Exercise requirements: Find "19朵粉色康乃馨加2朵粉玫鲜花束。如图 |" below and begin at its line; stop after the line with "Get the free". Output those lines exactly, without pictures.

Task data:
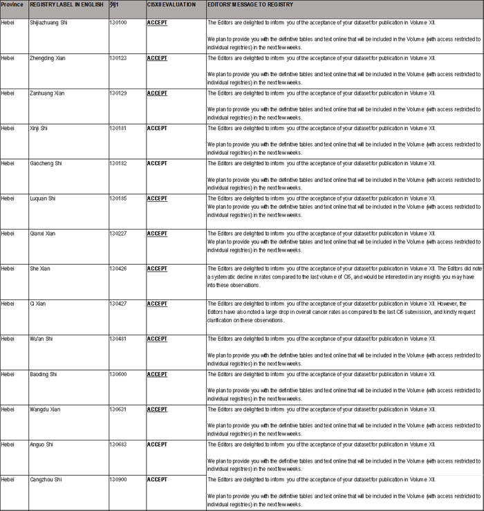 河北省14个登记处被《五大洲癌症发病率》第12卷收录情况
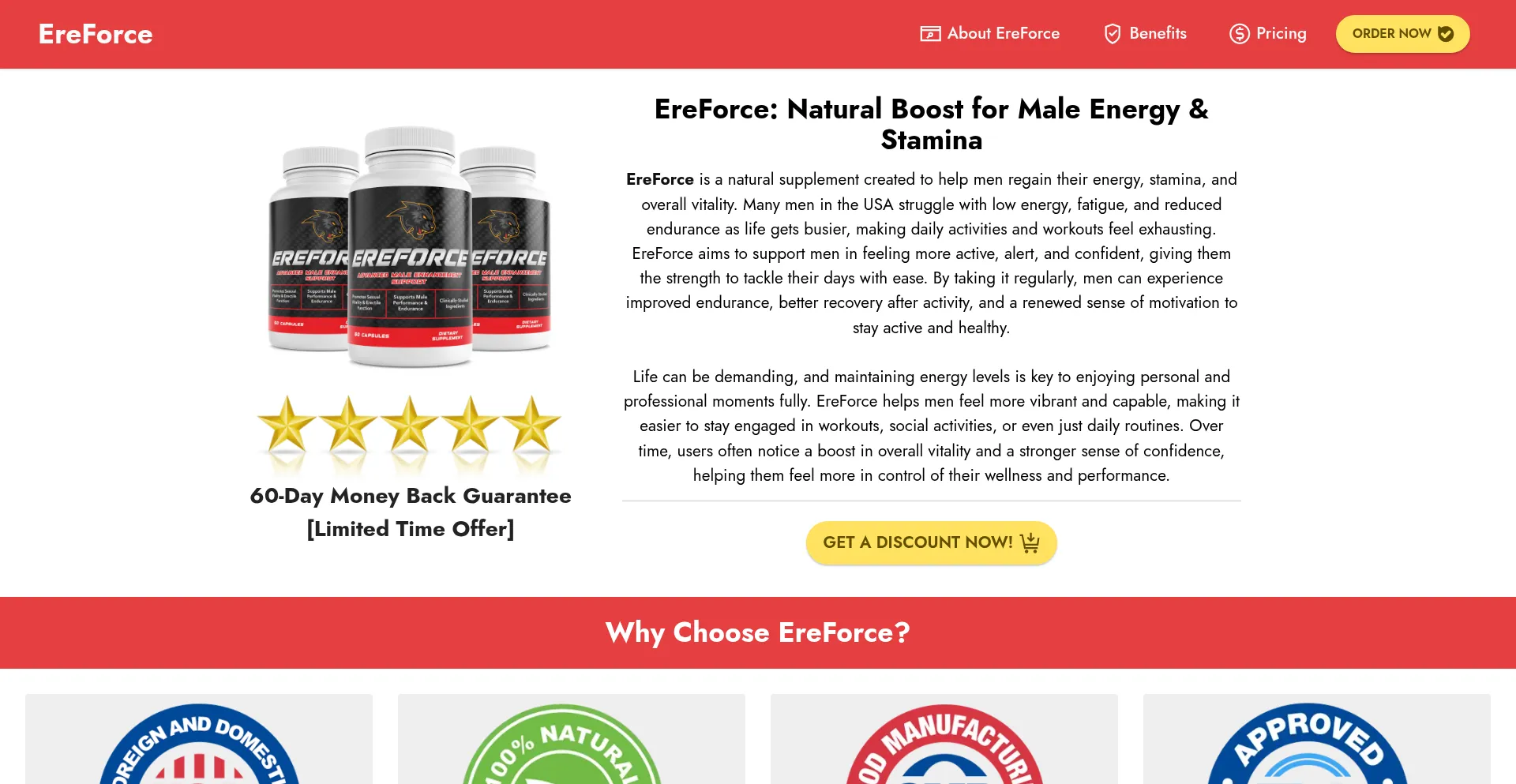 EreForce boosts male energy, stamina & vitality naturally. Made in the USA with safe, non-GMO ingredients for stronger performance and wellness.
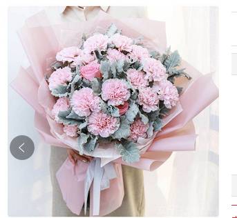 19朵粉色康乃馨加2朵粉玫鲜花束。如图 |
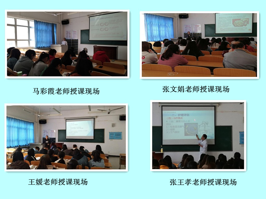 生理生化教研室王媛老师于4月10日上午展示了关于“维生素与辅酶”的示范课。她将生活现象与教材内容相关联,将自然规律与分子间关系相关联,深入浅出地讲解了维生素A、D、E、K的生化功能,在活跃的课堂气氛中使学生掌握了教学内容。外科护理学教研室张王孝老师于4月11日上午开展了“门静脉高压病人的护理”的示范课。他紧密结合临床案例,讲解透彻,采取灵活多样的教学方法与学生进行适当互动,生动风趣的语言给在场师生留下深刻的印象。
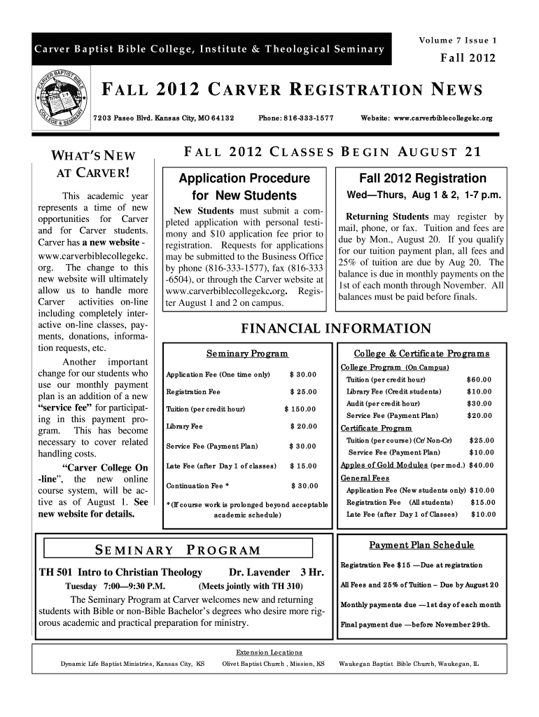 Get the free fall 2012 carver registration news - Carver Baptist Bible College
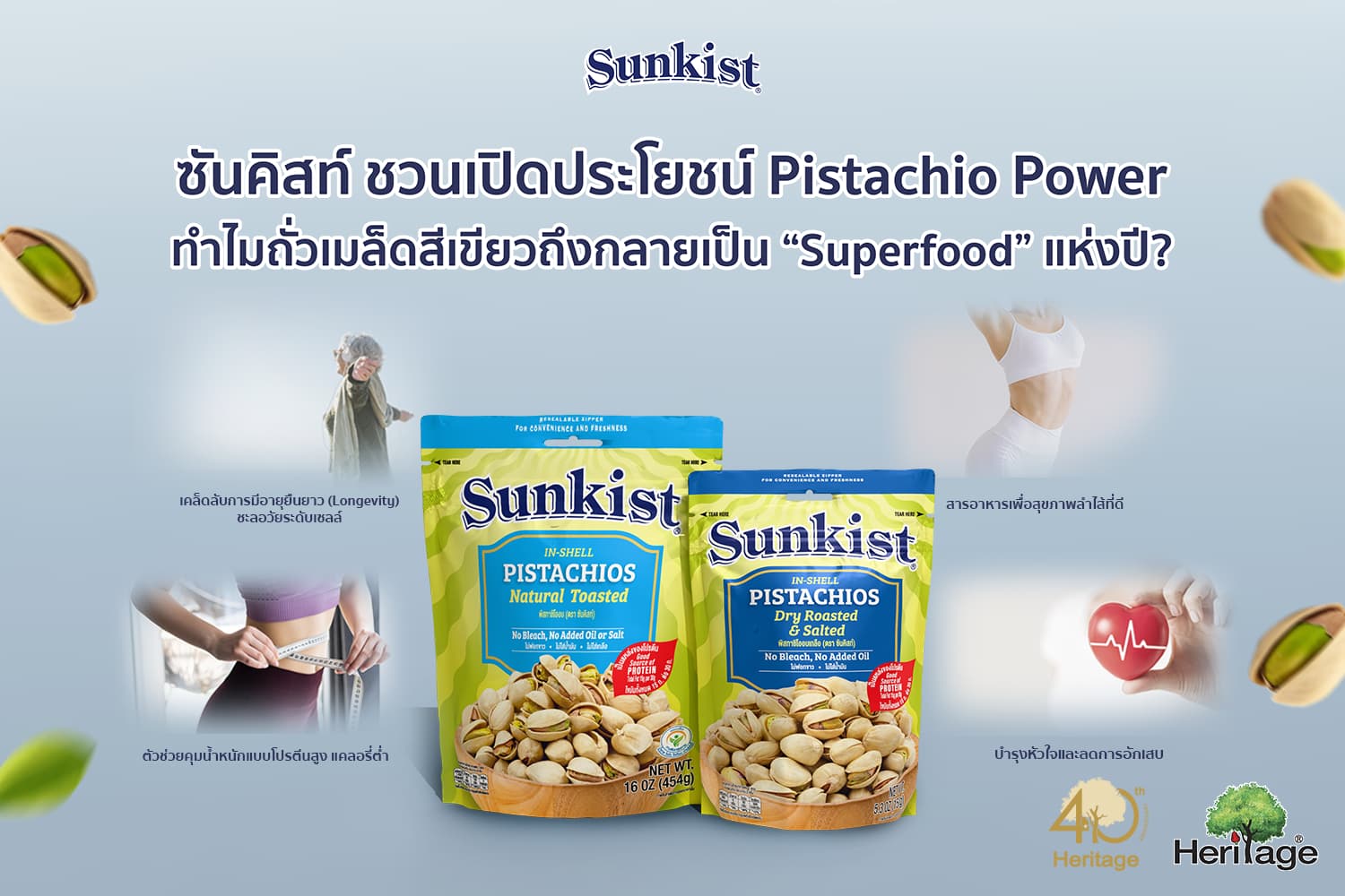 เพื่อให้การดูแลสุขภาพเป็นเรื่องง่าย อร่อย และได้ประโยชน์มากมาย ด้วยเหตุผลที่กล่าวมาในเบื้องต้น “ซันคิสท์” ผลิตภัณฑ์ถั่วพิสทาชิโอและถั่วพรีเมียมภายใต้การดูแลของเครือเฮอริเทจ จึงได้คัดสรรถั่วพิสทาชิโอคุณภาพเยี่ยมจากแคลิฟอร์เนียมาให้คุณได้เลือกสรรหลากหลายรสชาติ ได้แก่ ซันคิสท์ พิสทาชิโออบ, ซันคิสท์ พิสทาชิโออบเกลือ, ซันคิสท์ พิสทาชิโอรสฮอต & สไปซี่, ซันคิสท์ พิสทาชิโออบเกลือรสพริกไทยดำ เป็นต้น หาซื้อได้แล้ววันนี้ที่ร้านค้าชั้นนำทั่วประเทศ และ ช่องทางออนไลน์ LINE Official: @heritagethailand
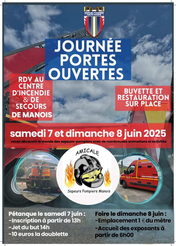Les SAPEURS POMPIERS de MANOIS (52) organisent leurs PORTES OUVERTES les 7et 8 juin.
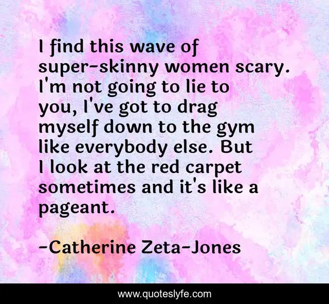 This page presents the quote "I find this wave of super-skinny women scary. I'm not going to lie to you, I've got to drag myself down to the gym like everybody else. But I look at the red carpet sometimes and it's like a pageant.". Author of this quote is Catherine Zeta-Jones. This quote is about lie, myself, red,.
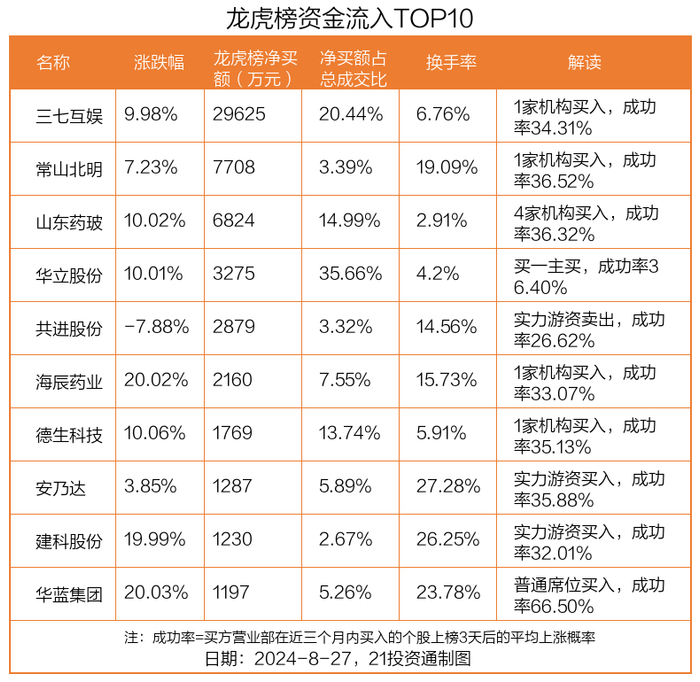 龙虎榜丨2.96亿元资金抢筹三七互娱,机构狂买山东药玻(名单)

Finished exercise:
 19朵粉色康乃馨加2朵粉玫鲜花束。如图 |
 生理生化教研室王媛老师于4月10日上午展示了关于“维生素与辅酶”的示范课。她将生活现象与教材内容相关联,将自然规律与分子间关系相关联,深入浅出地讲解了维生素A、D、E、K的生化功能,在活跃的课堂气氛中使学生掌握了教学内容。外科护理学教研室张王孝老师于4月11日上午开展了“门静脉高压病人的护理”的示范课。他紧密结合临床案例,讲解透彻,采取灵活多样的教学方法与学生进行适当互动,生动风趣的语言给在场师生留下深刻的印象。
 Get the free fall 2012 carver registration news - Carver Baptist Bible College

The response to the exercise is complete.